--- DATA EXTRACT ---
########################################

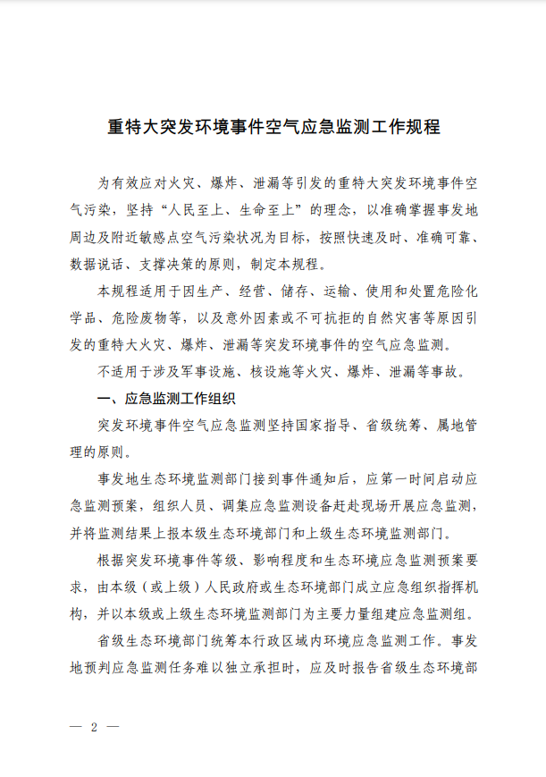 原標(biāo)題:關(guān)于印發(fā)《重特大突發(fā)環(huán)境事件空氣應(yīng)急監(jiān)測工作規(guī)程》的通知
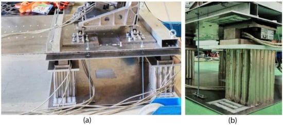 (a) Subfloor energy absorbers and (b) detail of the load cells mounted between the upper sandwich floor and the energy absorbers.
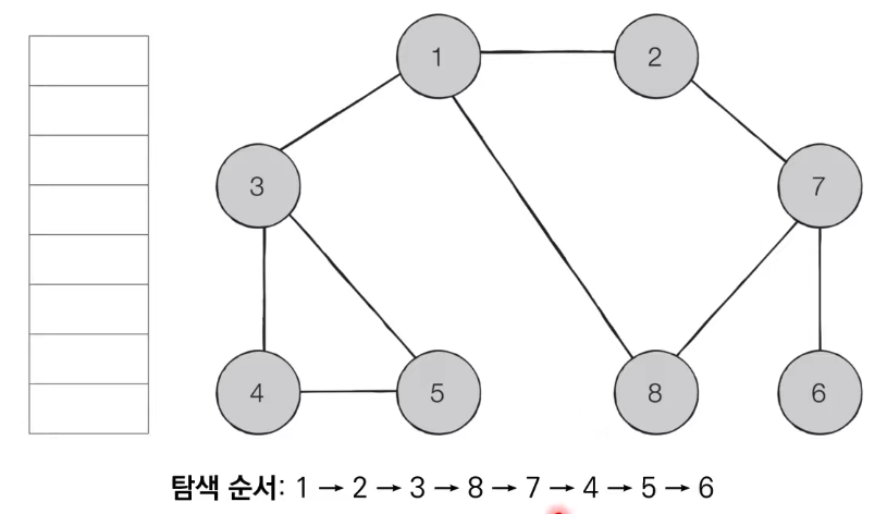- 대표적인 그래프 탐색 알고리즘으로는 DFS와 BFS가 있다

########################################

--- REQUIRED ACTION ---
Your copy should hold exactly the lines from the line containing "(a) Subfloor energy" through the last line of the listing above, both included, and no pictures.

--- SOLUTION FOR THIS TASK ---
 (a) Subfloor energy absorbers and (b) detail of the load cells mounted between the upper sandwich floor and the energy absorbers.
- 대표적인 그래프 탐색 알고리즘으로는 DFS와 BFS가 있다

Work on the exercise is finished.